§ **REQUIREMENT**
Begin at the line below that has "Starea serviciilor de". Stop after the line that has "Play jokes on", repeating each line exactly and leaving out the pictures.

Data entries
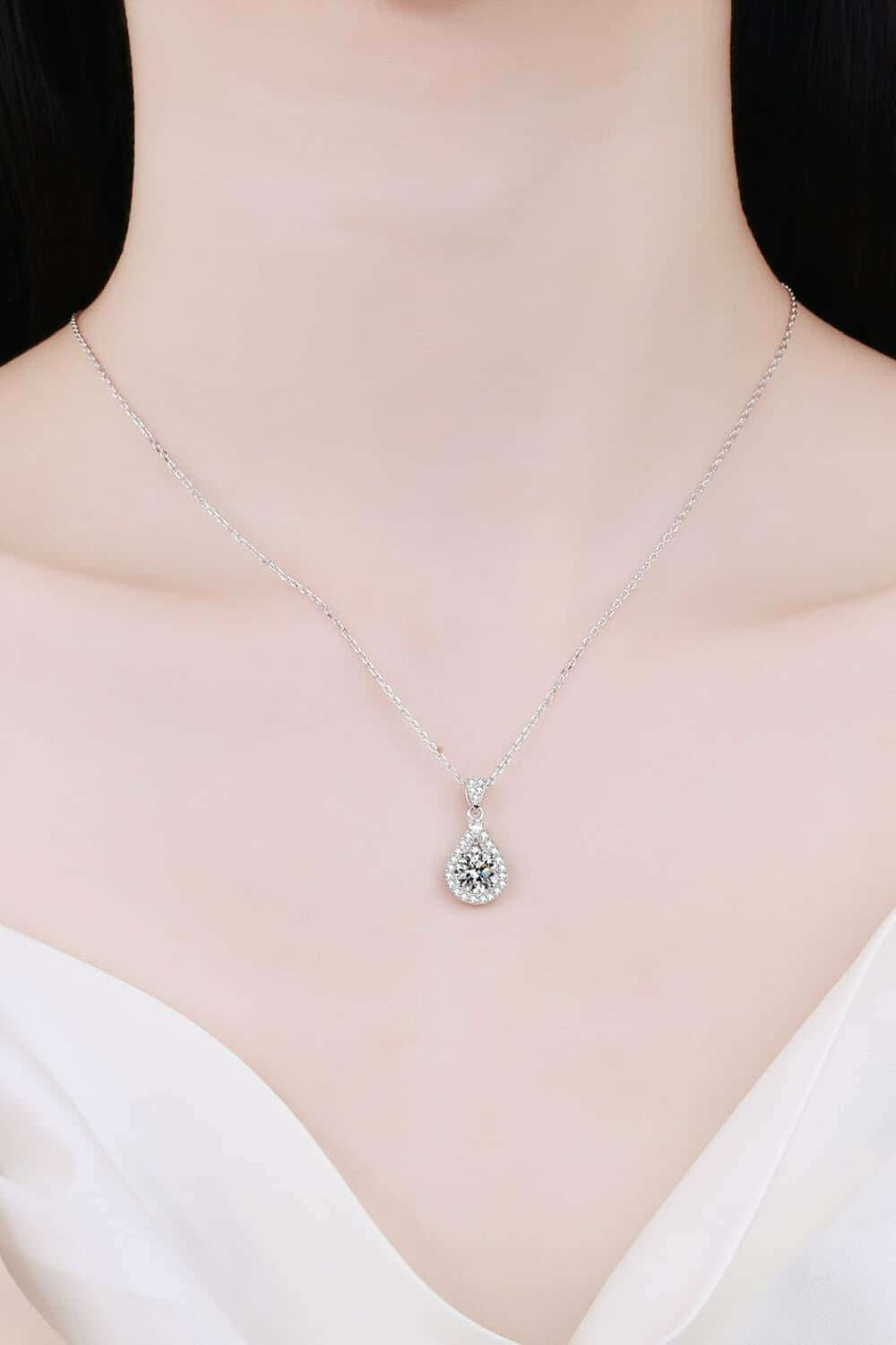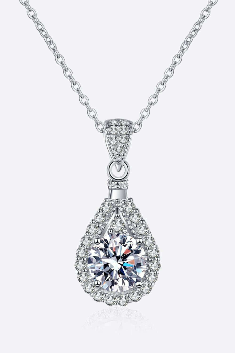 Elegant Lab-Diamond Teardrop Silver Pendant Necklace
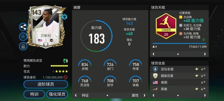 2002年世界杯赛场上,贝斯利是美国队中举足轻重的一位核心球员。美职联系列贝斯利配备边路超跑天赋,对他的加速、冲刺速度、长传、传中、盘带五项数据有所提升。高级油炸丸子搭配四星花式星级也让他的边路持球进攻能力更加出色。
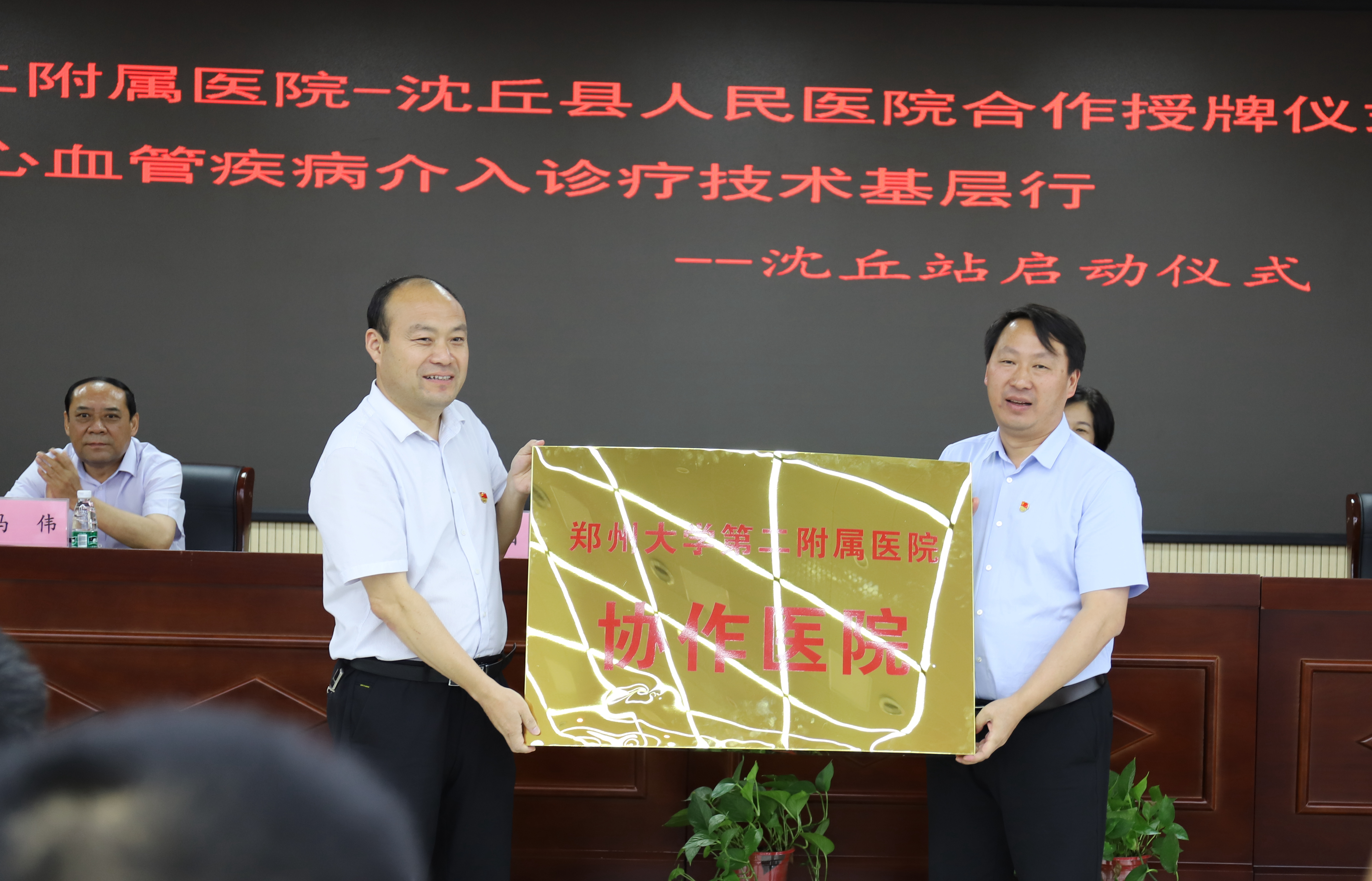 隨后,鄭大二附院副院長(zhǎng)簡(jiǎn)立國(guó)為沈丘縣人民醫(yī)院授協(xié)作醫(yī)院牌。沈丘縣人民醫(yī)院院黨委書記歐陽(yáng)劍為鄭大二附院的簡(jiǎn)立國(guó)院長(zhǎng)及心血管內(nèi)科各位教授專家頒發(fā)特聘專家證書。沈丘縣衛(wèi)健委張治君在總結(jié)講話中指出,縣醫(yī)院與鄭州大學(xué)第二附屬醫(yī)院建立友好協(xié)作關(guān)系,不僅對(duì)縣醫(yī)院是個(gè)很好的發(fā)展機(jī)遇,也是該縣醫(yī)療衛(wèi)生工作走大靠強(qiáng)道路的具體體現(xiàn),是醫(yī)療衛(wèi)生戰(zhàn)線上的一件大喜事,對(duì)加快醫(yī)療衛(wèi)生事業(yè)發(fā)展,有效的解決廣大人民群眾看病貴、就醫(yī)難的問題,將起到積極的推動(dòng)作用。希望鄭州大學(xué)第二附屬醫(yī)院的領(lǐng)導(dǎo)和專家們常來(lái)指導(dǎo),兩家醫(yī)院能夠友好協(xié)作,共同發(fā)展。
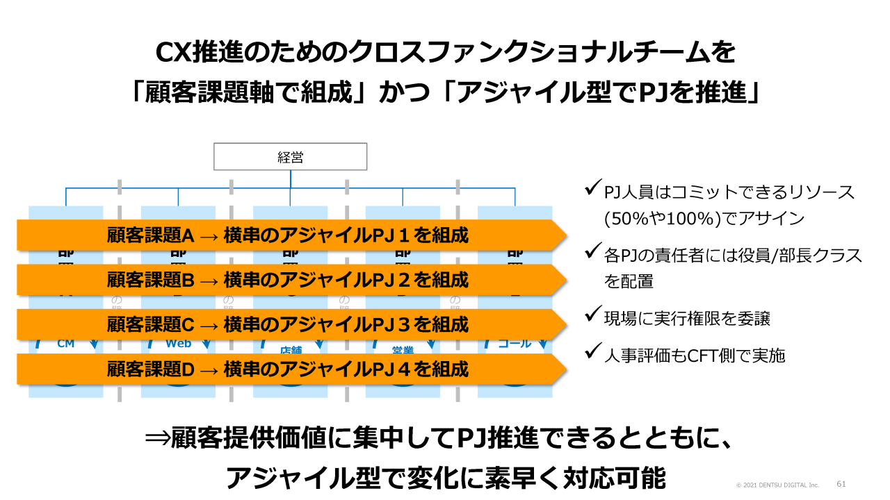 各プロジェクトの責任者には役員や部長クラスを配置し、アジャイルに動けるよう現場に実行権限を移譲しています。そして、人事評価もクロスファンクショナルチーム側で行います。これにより、真に顧客への提供価値に集中してプロジェクトを推進することが可能になります。
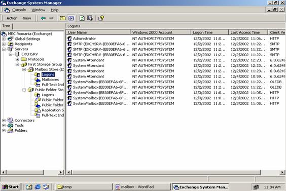 Starea serviciilor de Exchange 2000:'Microsoft Exchange Information Store Service','Microsoft Exchange MTA Stacks','Microsoft Exchange Routing Engine','Microsoft Exchange System Attendant','SMTP','World Wide Web Publishing Service' se poate vizualiza în consola MMC 'Services'.
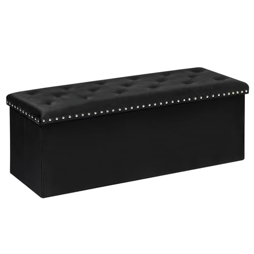 Bonlife 110cm Extra Large Ottoman Storage Box with Lid,Black Folding Toy Chest Boxes Bedroom End of Bed Storage Bench Footstools for Living Room
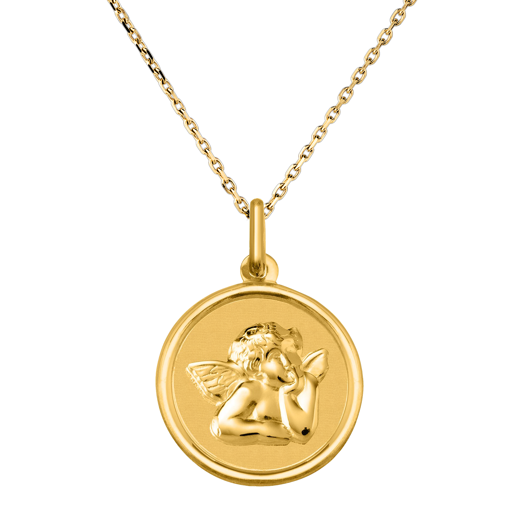 Simbolo di protezione e benevolenza, questa medaglia raffigura l’Angelo Raffaele in una posa contemplativa ispirata all’arte classica.
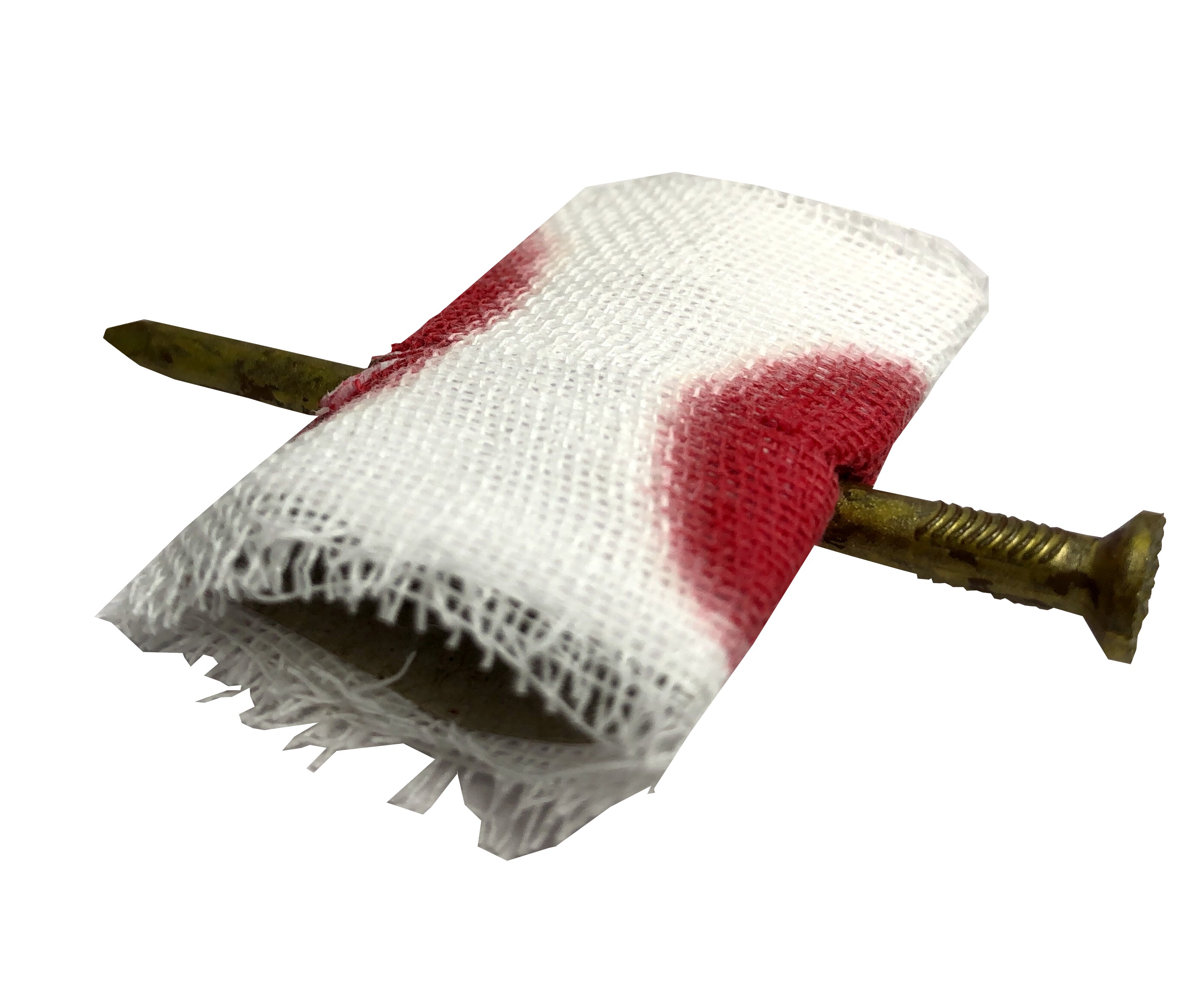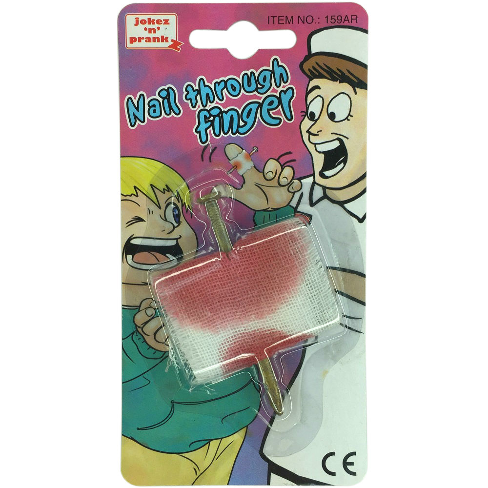 Play jokes on your friends with this false nail through finger gauze. It features a bandage with fake blood and has a nail that appears to be pass through the bandage. This prank toy is easy to put on your finger and is great for April Fools' Day, parties, carnivals, Halloween, costume parties and so on.
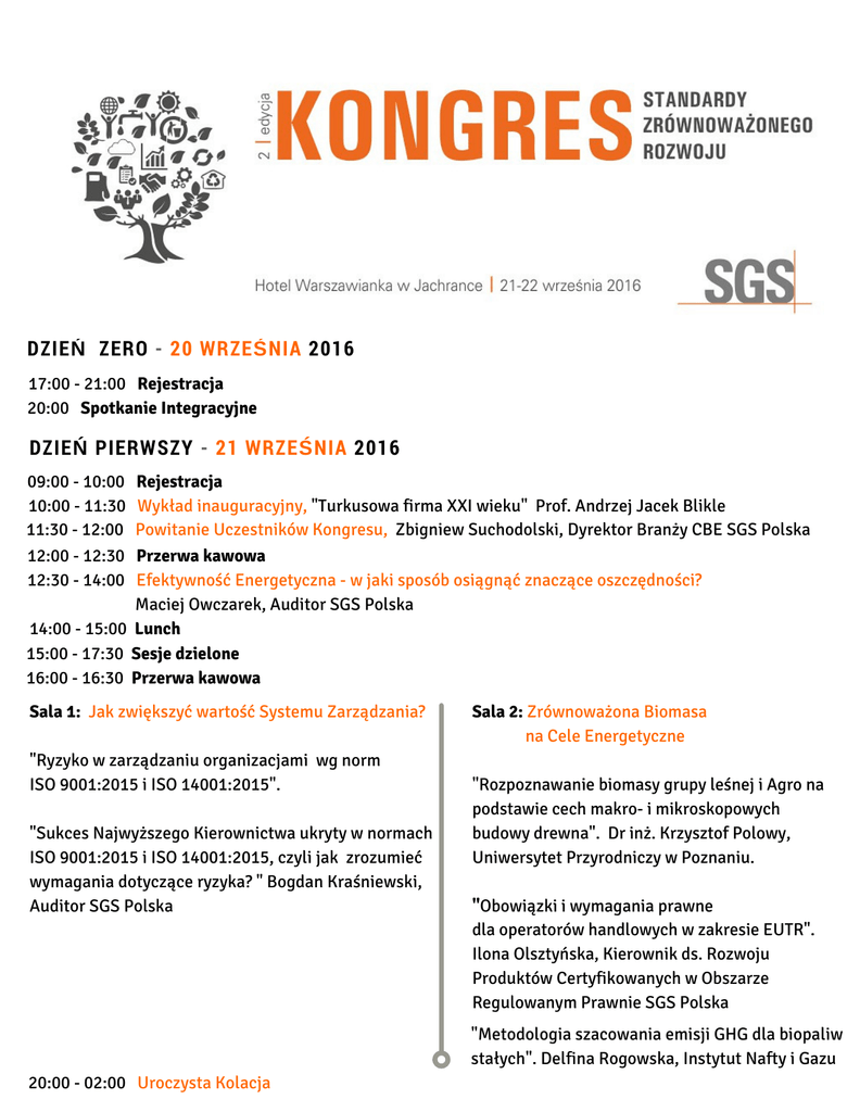 DANIEL KENNEDY Senior Community Manager DZIEŃ ZERO - 20 WRZEŚNIA 2016 17:00 - 21:00 Rejestracja 20:00 Spotkanie Integracyjne DZIEŃ PIERWSZY - 21 WRZEŚNIA 2016 09:00 - 10:00 Rejestracja 10:00 - 11:30 Wykład inauguracyjny, "Turkusowa firma XXI wieku" Prof. Andrzej Jacek Blikle 11:30 - 12:00 Powitanie Uczestników Kongresu, Zbigniew Suchodolski, Dyrektor Branży CBE SGS Polska 12:00 - 12:30 Przerwa kawowa 12:30 - 14:00 Efektywność Energetyczna - w jaki sposób osiągnąć znaczące oszczędności? Maciej Owczarek, Auditor SGS Polska 14:00 - 15:00 Lunch 15:00 - 17:30 Sesje dzielone 16:00 - 16:30 Przerwa kawowa Sala 1: Jak zwiększyć wartość Systemu Zarządzania? "Ryzyko w zarządzaniu organizacjami wg norm ISO 9001:2015 i ISO 14001:2015". "Sukces Najwyższego Kierownictwa ukryty w normach ISO 9001:2015 i ISO 14001:2015, czyli jak zrozumieć wymagania dotyczące ryzyka? " Bogdan Kraśniewski, Auditor SGS Polska Sala 2: Zrównoważona Biomasa na Cele Energetyczne "Rozpoznawanie biomasy grupy leśnej i Agro na podstawie cech makro- i mikroskopowych budowy drewna". Dr inż. Krzysztof Polowy, Uniwersytet Przyrodniczy w Poznaniu. "Obowiązki i wymagania prawne dla operatorów handlowych w zakresie EUTR". Ilona Olsztyńska, Kierownik ds. Rozwoju Produktów Certyfikowanych w Obszarze Regulowanym Prawnie SGS Polska "Metodologia szacowania emisji GHG dla biopaliw stałych". Delfina Rogowska, Instytut Nafty i Gazu 20:00 - 02:00 Uroczysta Kolacja DZIEŃ DRUGI - 22 WRZEŚNIA 2016 08:00 - 10:00 Śniadanie 10:00 - 11:45 Sesje dzielone Sala 1: Najlepsze Praktyki BHP Sala 2: Nowe Standardy FSC "Jak dzięki certyfikatom podnieść standardy w miejscu pracy?" Małgorzata Góra, Coca-Cola HBC Polska Sp. z o.o. "Nowelizacja standardu Certyfikacji kontroli pochodzenia produktu - FSC-STD-40-004 V3-0 oraz Wymogów dla zaopatrywania się w Drewno kontrolowane FSC® - FSCSTD-40-005 V3-0 - przegląd zmian". Ewa Pieczyrak, Specjalista ds. certyfikacji FSC CoC SGS Polska; Sebastian Drzewiecki, Kierownik ds. Rozwoju Branży Leśnej i Przemysłu Drzewnego SGS Polska "Nowa norma ISO 45001. Wymagania systemu zarządzania bezpieczeństwem i higieną pracy”. Andrzej Kufel, Auditor SGS Polska 11:45 - 12:15 Przerwa kawowa 12:15 - 14:00 Sesje dzielone Sala 1: Zrównoważony Rozwój w Branży Motoryzacyjnej Sala 2: Zapewnienie Ciągłości Działania w Organizacjach Sala 3: Zarządzanie Bezpieczeństwem Żywności "Zrównoważony rozwój w branży motoryzacyjnej". Dominik Wawrzyniak, Faurecia "Zabezpieczenie ciągłości prowadzenia biznesu w dzisiejszych realiach praktyczne korzyści z wdrożenia standardów ISO 22301 i 27001". Krzysztof Gawecki, Auditor SGS Polska " Co nowego w IFS Food wyzwania dla branżny spożywczej". Marek Marzec, Przedstawiciel ds. Standardu IFS na Europę Środkową i Wschodnią "Strategia rozwoju systemu zarządzania ISO/TS 16494 wg światowego zrzeszenia przemysłu motoryzacyjnego IATF - " Raising the Bar" w praktyce". Maciej Nowiński, Auditor SGS Polska "BCMS - poznaj swój bank i bądź niezniszczalny". Paweł Wąsik, Krakowski Bank Spółdzielczy "Food defense, czyli jak chronić żywność przed intencjonalnym zanieczyszczeniem". Małgorzata Galczak, Manger sektora żywnościowego SGS Polska "Elementy Lean w zarządzaniu jakością; wizualizacja standardów na liniach produkcyjnych". Sławomir Wasilewski, BNA Nutrition Animale 14:15 - 14:45 Uroczyste podsumowanie Kongresu Wręczenie certyfikatów oraz losowanie nagród 14:45 - 16:00 Lunch
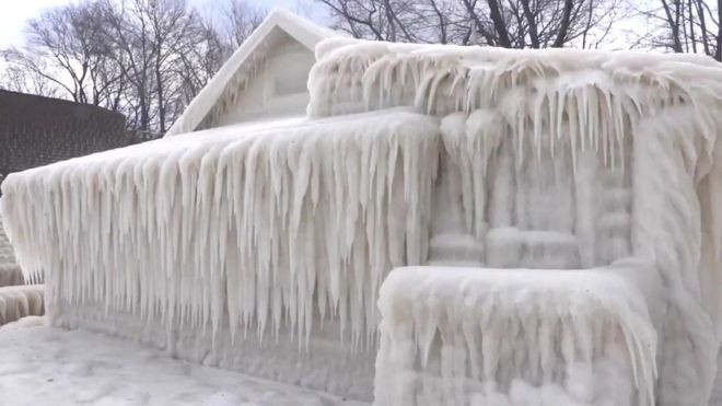 В американском штате Нью-Йорк обычный дом на берегу озера Онтарио превратился в ледяной.

§ **ANSWER TO THIS EXERCISE**
 Starea serviciilor de Exchange 2000:'Microsoft Exchange Information Store Service','Microsoft Exchange MTA Stacks','Microsoft Exchange Routing Engine','Microsoft Exchange System Attendant','SMTP','World Wide Web Publishing Service' se poate vizualiza în consola MMC 'Services'.
 Bonlife 110cm Extra Large Ottoman Storage Box with Lid,Black Folding Toy Chest Boxes Bedroom End of Bed Storage Bench Footstools for Living Room
 Simbolo di protezione e benevolenza, questa medaglia raffigura l’Angelo Raffaele in una posa contemplativa ispirata all’arte classica.
 Play jokes on your friends with this false nail through finger gauze. It features a bandage with fake blood and has a nail that appears to be pass through the bandage. This prank toy is easy to put on your finger and is great for April Fools' Day, parties, carnivals, Halloween, costume parties and so on.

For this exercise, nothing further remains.